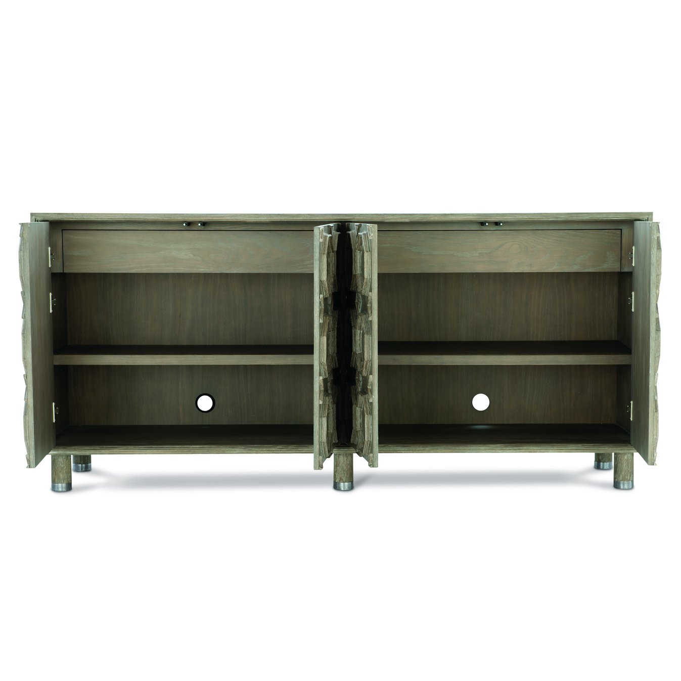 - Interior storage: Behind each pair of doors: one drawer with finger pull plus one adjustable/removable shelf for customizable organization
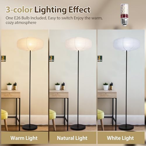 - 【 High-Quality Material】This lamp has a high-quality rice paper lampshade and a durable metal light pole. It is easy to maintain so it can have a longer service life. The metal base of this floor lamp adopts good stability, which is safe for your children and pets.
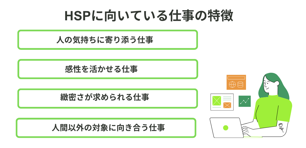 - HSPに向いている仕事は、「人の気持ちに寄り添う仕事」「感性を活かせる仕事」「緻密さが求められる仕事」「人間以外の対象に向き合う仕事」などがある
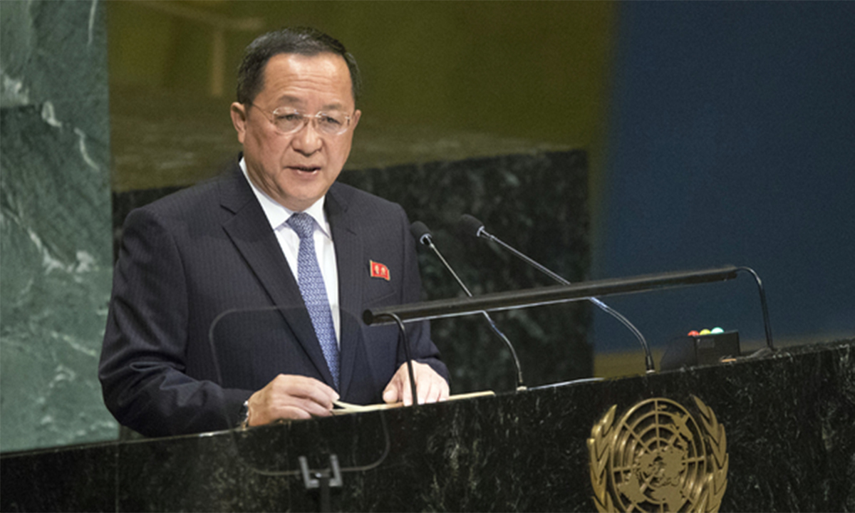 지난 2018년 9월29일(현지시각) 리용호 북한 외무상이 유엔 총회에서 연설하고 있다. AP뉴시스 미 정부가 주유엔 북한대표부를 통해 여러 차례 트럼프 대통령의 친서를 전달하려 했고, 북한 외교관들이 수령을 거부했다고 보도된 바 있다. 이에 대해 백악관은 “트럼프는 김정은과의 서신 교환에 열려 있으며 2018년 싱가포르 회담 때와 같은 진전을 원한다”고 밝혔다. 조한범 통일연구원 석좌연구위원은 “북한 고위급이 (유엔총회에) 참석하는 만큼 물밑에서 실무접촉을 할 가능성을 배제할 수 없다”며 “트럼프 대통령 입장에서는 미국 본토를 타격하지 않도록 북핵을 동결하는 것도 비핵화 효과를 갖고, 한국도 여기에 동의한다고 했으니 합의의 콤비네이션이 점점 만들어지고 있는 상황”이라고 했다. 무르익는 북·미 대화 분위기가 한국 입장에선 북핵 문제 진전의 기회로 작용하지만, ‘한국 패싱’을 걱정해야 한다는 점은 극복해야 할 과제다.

= = =

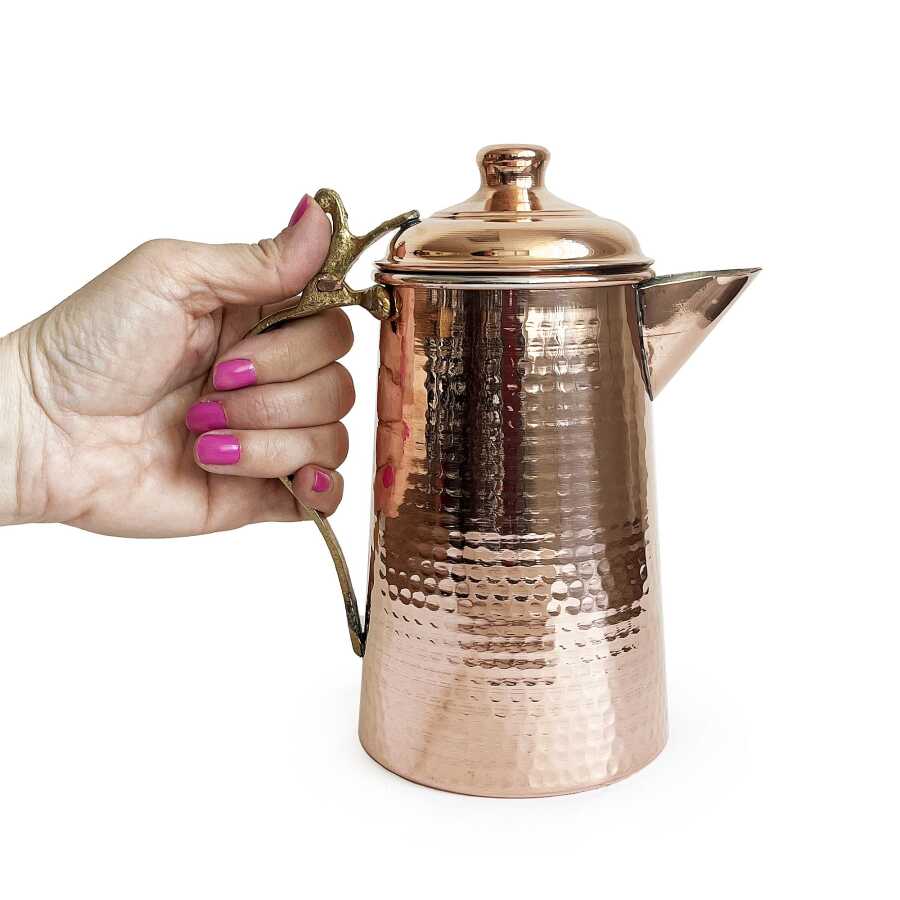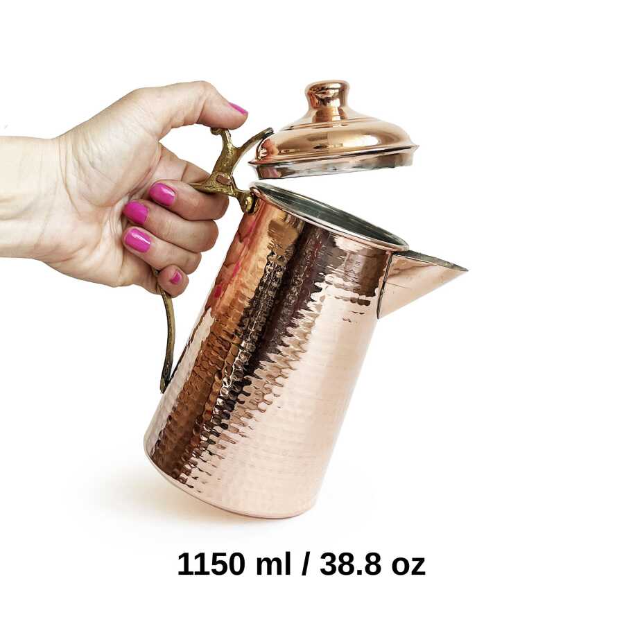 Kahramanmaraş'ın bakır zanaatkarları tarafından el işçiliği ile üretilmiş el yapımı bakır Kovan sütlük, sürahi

= = =

● **Work request**
In the listing above, the required lines run from the line with "- Interior storage: Behind" through the line with "- HSPに向いている仕事は". Output exactly those lines, omitting pictures.

● **Your solution**
 - Interior storage: Behind each pair of doors: one drawer with finger pull plus one adjustable/removable shelf for customizable organization
 - 【 High-Quality Material】This lamp has a high-quality rice paper lampshade and a durable metal light pole. It is easy to maintain so it can have a longer service life. The metal base of this floor lamp adopts good stability, which is safe for your children and pets.
 - HSPに向いている仕事は、「人の気持ちに寄り添う仕事」「感性を活かせる仕事」「緻密さが求められる仕事」「人間以外の対象に向き合う仕事」などがある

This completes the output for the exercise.